═══ Data block

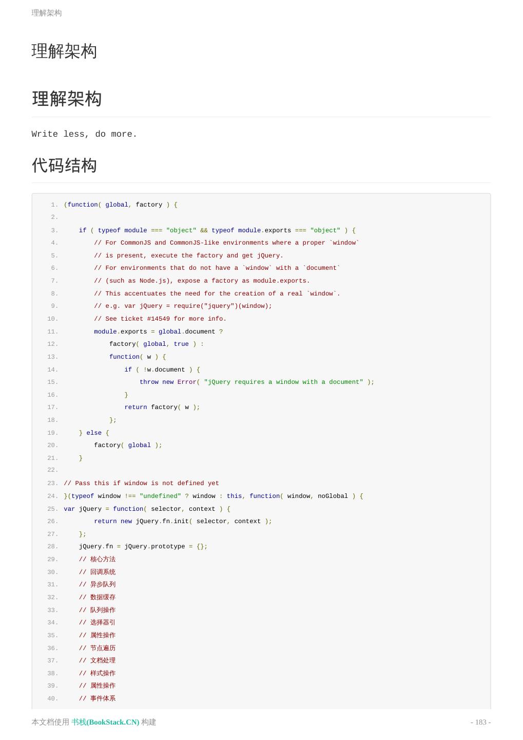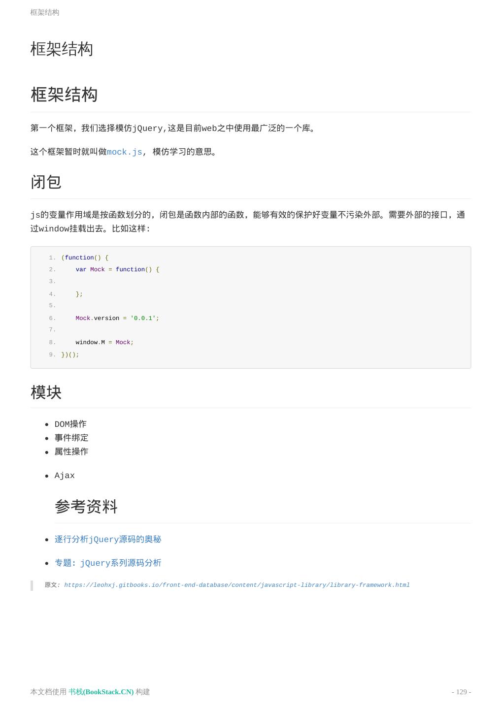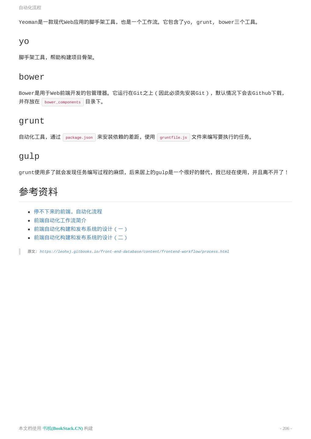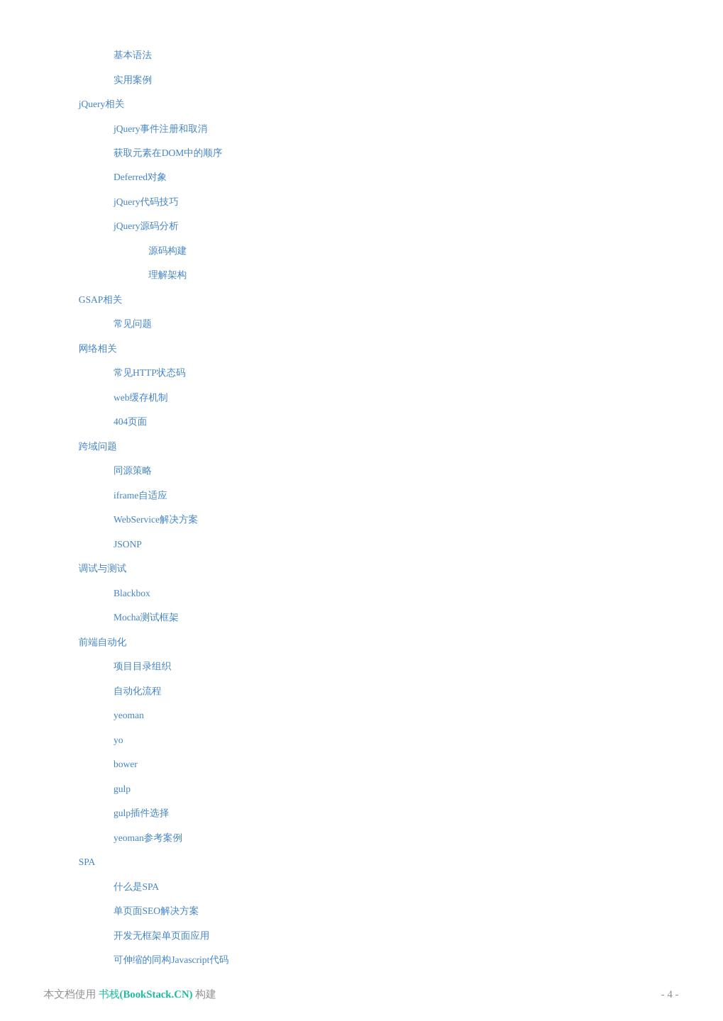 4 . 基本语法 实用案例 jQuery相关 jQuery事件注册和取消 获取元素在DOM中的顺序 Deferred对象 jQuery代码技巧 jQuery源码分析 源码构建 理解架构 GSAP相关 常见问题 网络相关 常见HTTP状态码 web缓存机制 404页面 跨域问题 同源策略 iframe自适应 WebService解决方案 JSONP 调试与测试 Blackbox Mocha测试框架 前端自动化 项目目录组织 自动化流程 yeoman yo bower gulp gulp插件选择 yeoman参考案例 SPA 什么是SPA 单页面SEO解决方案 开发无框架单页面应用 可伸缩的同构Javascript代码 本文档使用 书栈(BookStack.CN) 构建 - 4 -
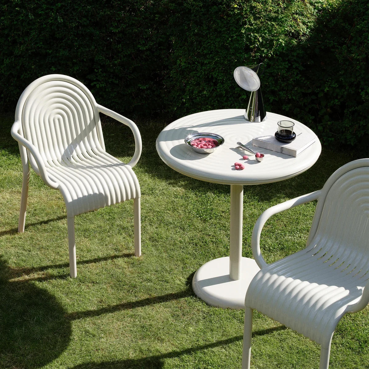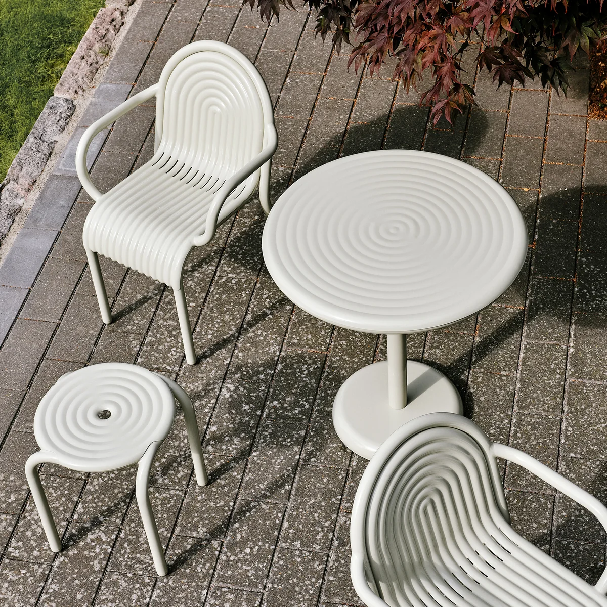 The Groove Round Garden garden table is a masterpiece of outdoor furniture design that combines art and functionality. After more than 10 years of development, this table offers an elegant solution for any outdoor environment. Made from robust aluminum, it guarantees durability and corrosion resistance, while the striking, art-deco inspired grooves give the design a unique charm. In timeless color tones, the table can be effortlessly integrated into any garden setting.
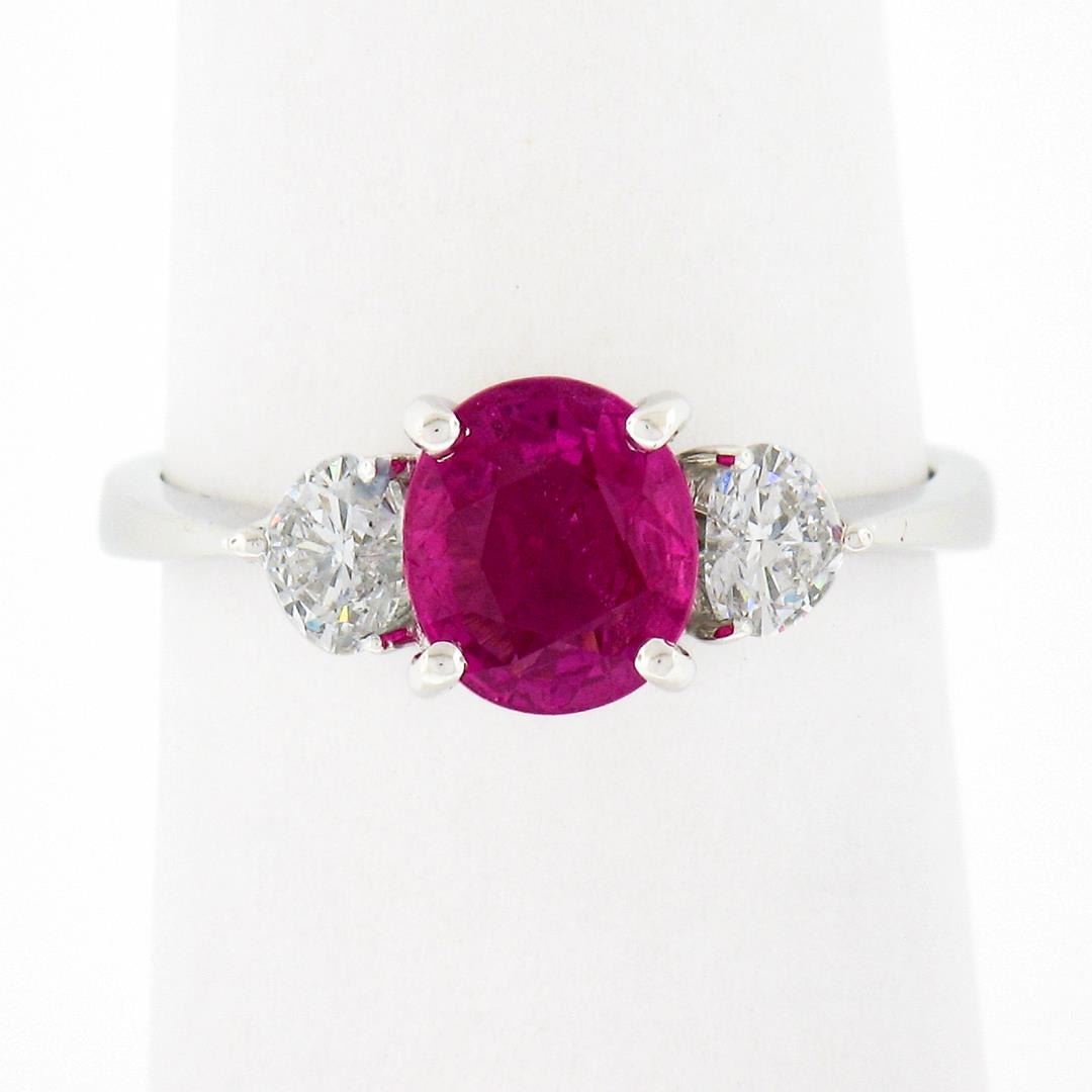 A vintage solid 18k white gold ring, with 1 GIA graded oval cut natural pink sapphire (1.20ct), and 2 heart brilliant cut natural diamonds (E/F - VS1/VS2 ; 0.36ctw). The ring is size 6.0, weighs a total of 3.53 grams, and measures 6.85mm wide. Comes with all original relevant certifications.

══════

§ Your assignment:
Reproduce all of the material exactly, apart from the pictures.

§ Answer to this task:
 4 . 基本语法 实用案例 jQuery相关 jQuery事件注册和取消 获取元素在DOM中的顺序 Deferred对象 jQuery代码技巧 jQuery源码分析 源码构建 理解架构 GSAP相关 常见问题 网络相关 常见HTTP状态码 web缓存机制 404页面 跨域问题 同源策略 iframe自适应 WebService解决方案 JSONP 调试与测试 Blackbox Mocha测试框架 前端自动化 项目目录组织 自动化流程 yeoman yo bower gulp gulp插件选择 yeoman参考案例 SPA 什么是SPA 单页面SEO解决方案 开发无框架单页面应用 可伸缩的同构Javascript代码 本文档使用 书栈(BookStack.CN) 构建 - 4 -
 The Groove Round Garden garden table is a masterpiece of outdoor furniture design that combines art and functionality. After more than 10 years of development, this table offers an elegant solution for any outdoor environment. Made from robust aluminum, it guarantees durability and corrosion resistance, while the striking, art-deco inspired grooves give the design a unique charm. In timeless color tones, the table can be effortlessly integrated into any garden setting.
 A vintage solid 18k white gold ring, with 1 GIA graded oval cut natural pink sapphire (1.20ct), and 2 heart brilliant cut natural diamonds (E/F - VS1/VS2 ; 0.36ctw). The ring is size 6.0, weighs a total of 3.53 grams, and measures 6.85mm wide. Comes with all original relevant certifications.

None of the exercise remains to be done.